■ **Data provided**:
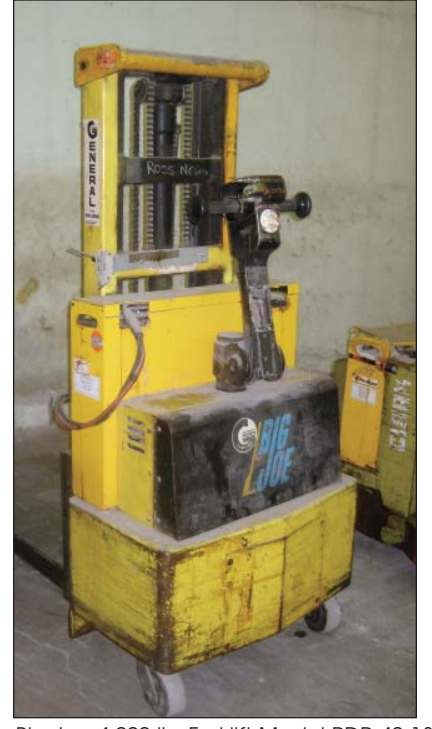
Big Joe 4,000 lb. Forklift Model PDP-40-130
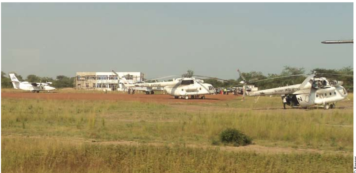
UN and WFP aircraft, Bor airstrip, South Sudan
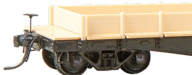
Optional double board sides (included)
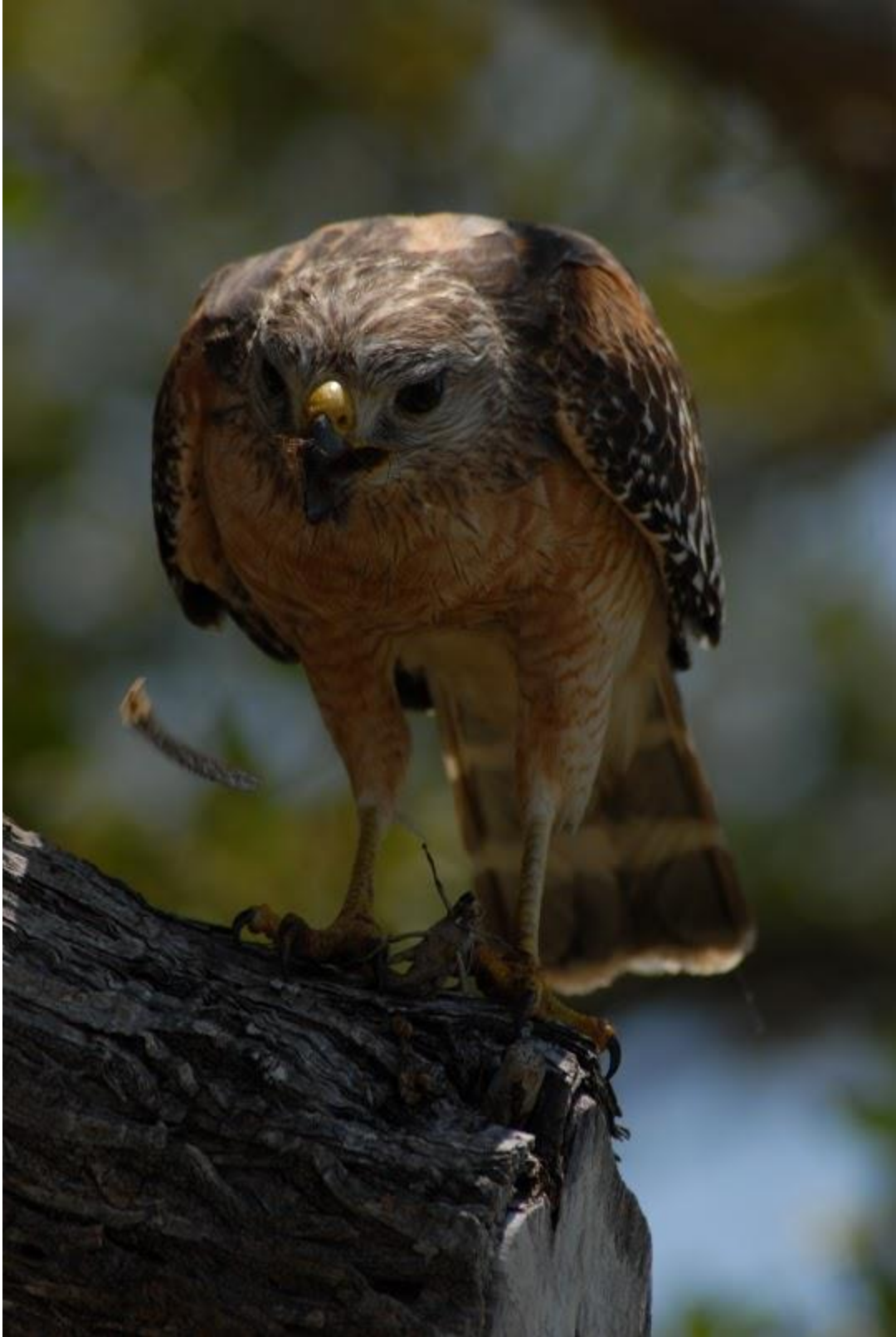
Figure 14: Red-shouldered hawk.

■ **Directions**:
Retype the data above in full, exactly as it stands, and skip any image.

■ **Answer below**:
Big Joe 4,000 lb. Forklift Model PDP-40-130
UN and WFP aircraft, Bor airstrip, South Sudan
Optional double board sides (included)
Figure 14: Red-shouldered hawk.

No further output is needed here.